If there are multiple subarrays of the same maximum length after flipping at most `k` zeros, can I return the length of any of them?

Brute Force Solution

Approach

Here's how the algorithm would work step-by-step:

Consider every possible starting point in the sequence.
For each starting point, consider every possible length of the sub-sequence that begins there.
For each sub-sequence, count how many zeros are within it.
Check if the number of zeros within the sub-sequence is less than or equal to the allowed number of flips.
If the number of zeros is allowed, calculate the length of this sub-sequence.
Keep track of the maximum length found so far.
Once all possible starting points and lengths are checked, return the maximum length found.

Code Implementation

def max_consecutive_ones_brute_force(numbers, allowed_flips):
    maximum_length = 0

    for start_index in range(len(numbers)):
        for sub_sequence_length in range(1, len(numbers) - start_index + 1):
            end_index = start_index + sub_sequence_length
            sub_sequence = numbers[start_index:end_index]

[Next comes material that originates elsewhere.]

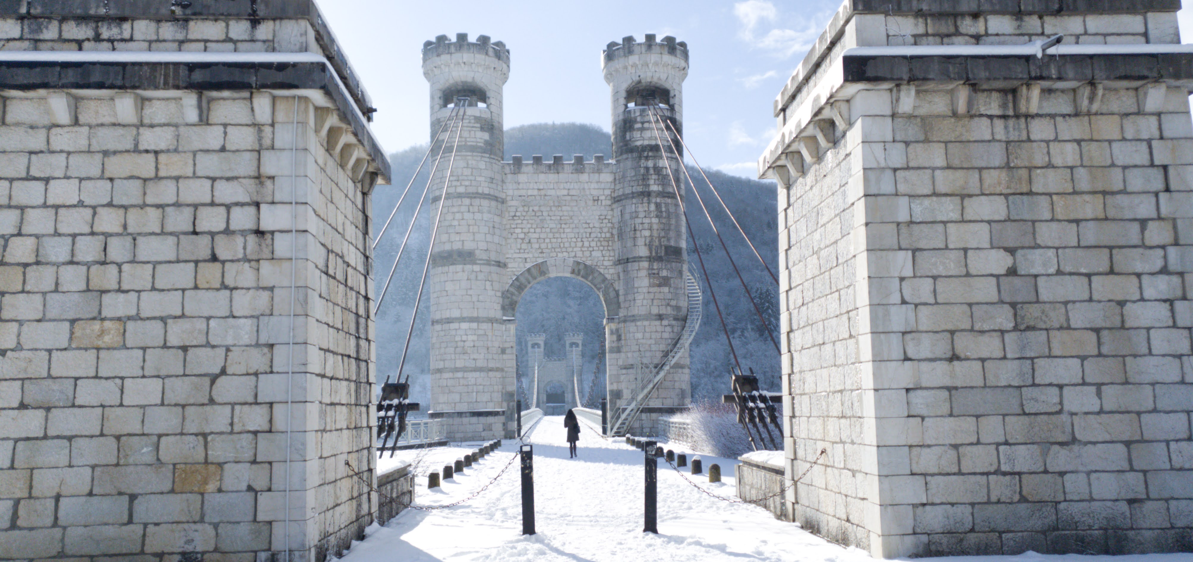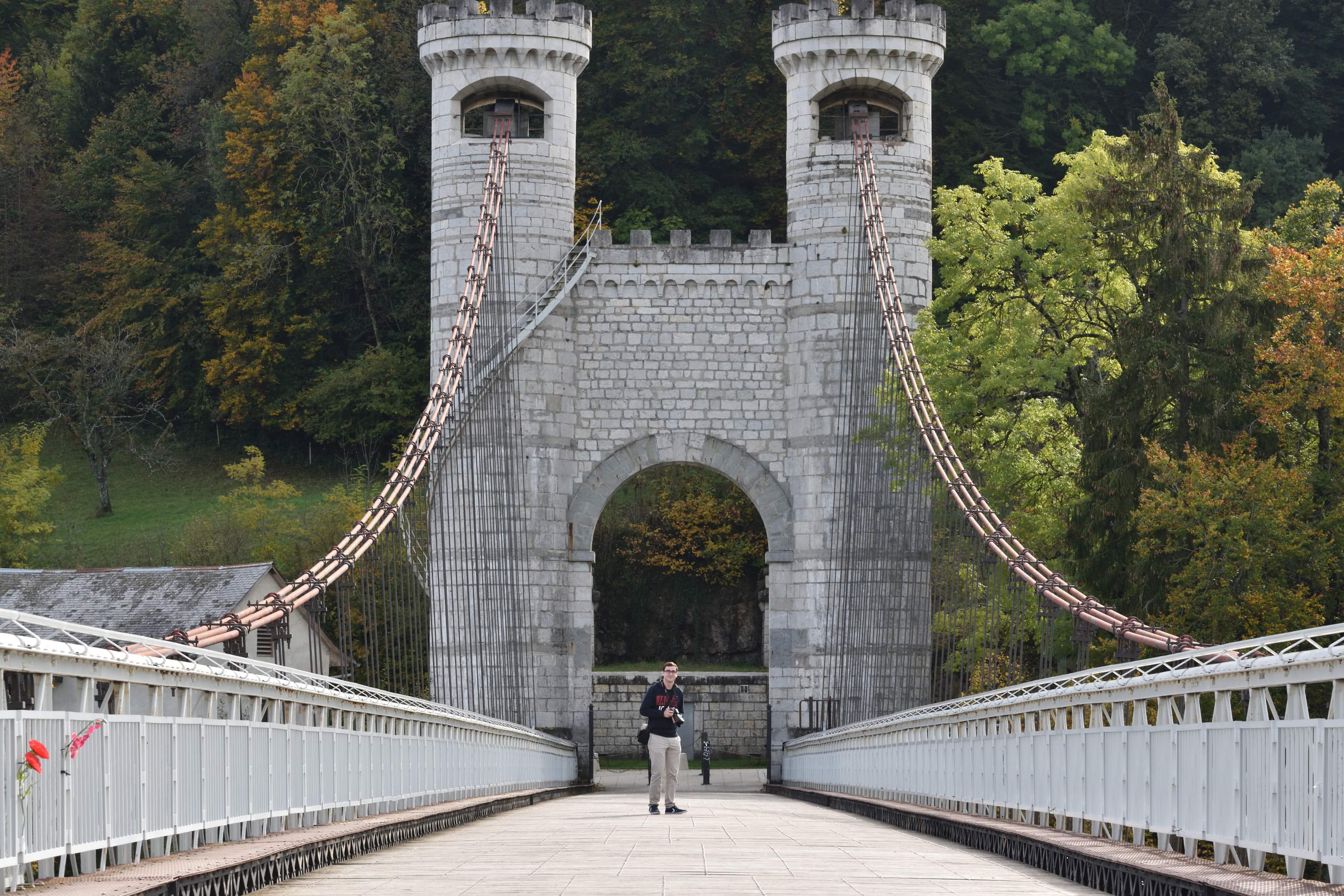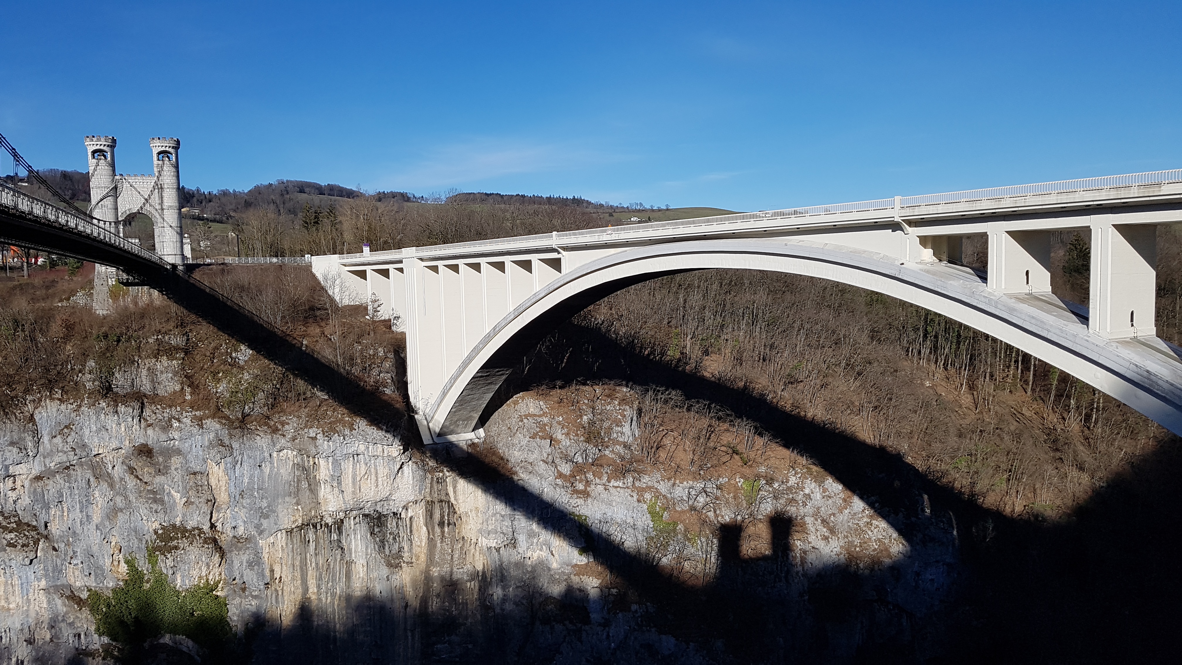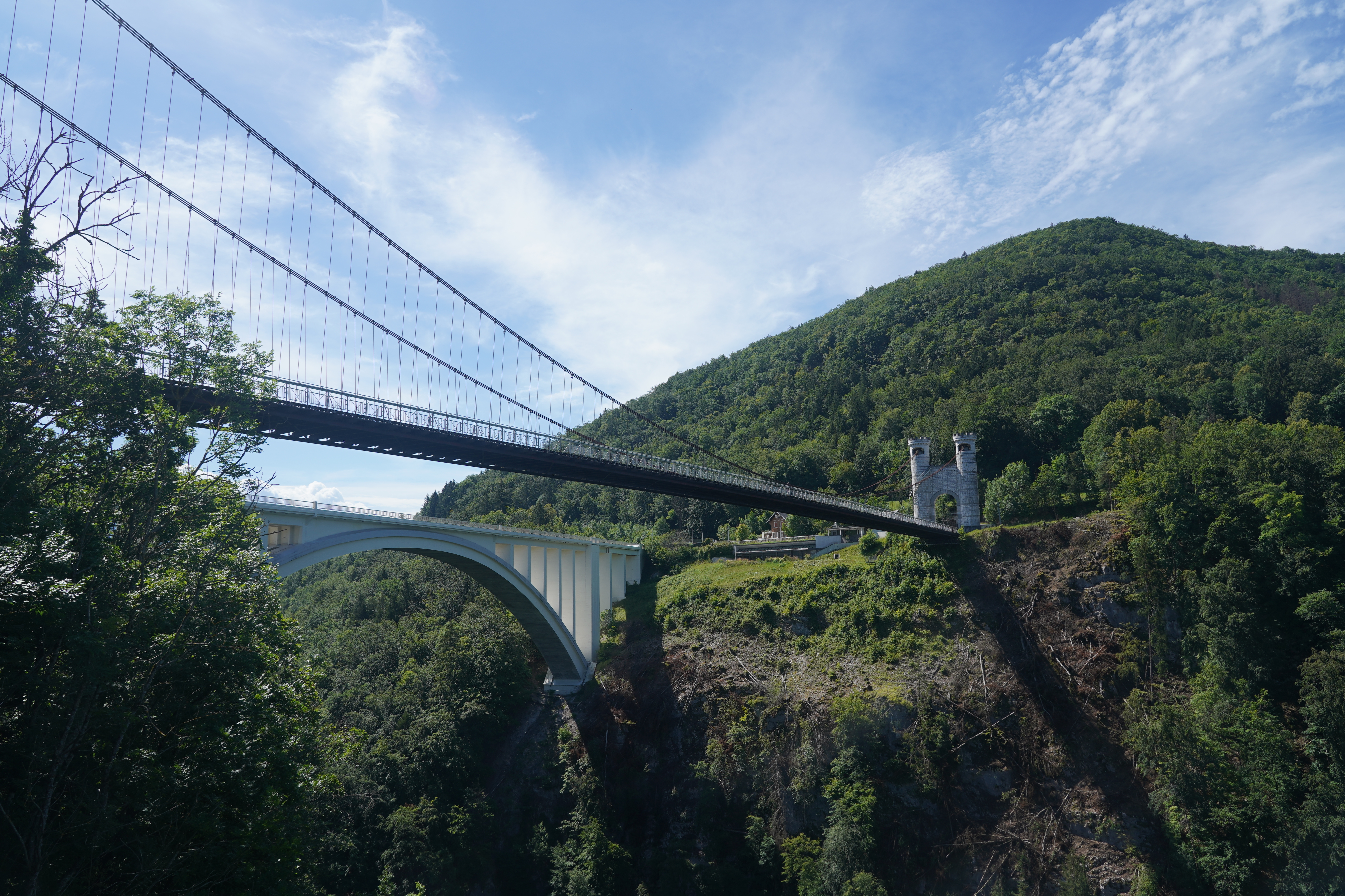 Ce majestueux pont blanc suspendu au dessus des verdoyantes gorges des Usses est remarquable par l'architecture néo moyenâgeuse de ses entrées. Originellement baptisé pont Charles-Albert, cet édifice nous renvoi à une époque où ce territoire appartenait au Royaume de Savoie-Sardaigne. Un parking et des aménagements nous apprennent qu'avant sa construction, il faillait descendre dans les gorges et passer un vieux pont romain pour accéder d'une rive à l'autre. De cette époque antique, le lieu est connu pour sa source médicinale jadis exploitée par un établissement thermal aujourd'hui en ruines.

            number_of_zeros = 0
            for number in sub_sequence:
                if number == 0:
                    number_of_zeros += 1

            # Checking if we have enough flips to make all the numbers one.
            if number_of_zeros <= allowed_flips:

                current_length = len(sub_sequence)
                # Keeping track of the maximum length.
                if current_length > maximum_length:

                    maximum_length = current_length

    # Returning the final result.
    return maximum_length

Big(O) Analysis

Time Complexity

Space Complexity

Optimal Solution

Approach

Here's how the algorithm would work step-by-step:

Imagine a sliding window that represents a section of the data.
Expand the window to the right, including more elements in the section.
Count how many changes (like flipping a zero to a one) are needed inside the window.
If the number of changes needed is more than we're allowed to make, shrink the window from the left until the number of changes needed is within the limit.
Keep track of the largest window you found that met the change limit.
Repeat the expand and shrink process until you've gone through all of the data.
The size of the largest window you found is the answer.

Code Implementation

def longestOnes(nums, max_flips):
    window_start = 0
    max_length = 0
    flipped_count = 0

    for window_end in range(len(nums)):
        if nums[window_end] == 0:
            flipped_count += 1

        # Shrink the window if flips exceed the limit
        while flipped_count > max_flips:

            if nums[window_start] == 0:
                flipped_count -= 1

            window_start += 1

        # Update the max length of valid window
        max_length = max(max_length, window_end - window_start + 1)

    return max_length

Big(O) Analysis

Time Complexity

Space Complexity

Edge Cases

Case	How to Handle
Empty input array	Return 0 immediately as there are no elements to form a subarray.
k is 0 and array contains zeros	The longest subarray will be the longest contiguous sequence of ones; iterate and keep track of the maximum such sequence.
k is greater than or equal to the number of zeros in the array	Return the length of the array because all zeros can be flipped to ones.
Array contains all ones (no zeros)	Return the length of the array, as no flips are needed.
Array contains all zeros and k is 0	Return 0 since no flips are allowed and no ones are present.
Large array size with a small k value (performance considerations)	The sliding window approach maintains O(n) time complexity, which is efficient even for large arrays.
k is a large value (approaching array length) but array is still very large	Sliding window adapts correctly and avoids integer overflow, since it only considers differences between indices within the current window.
Input array contains non-binary values	The solution should explicitly check if the input contains non-binary values (anything other than 0 or 1) and throw an exception or handle appropriately based on requirements.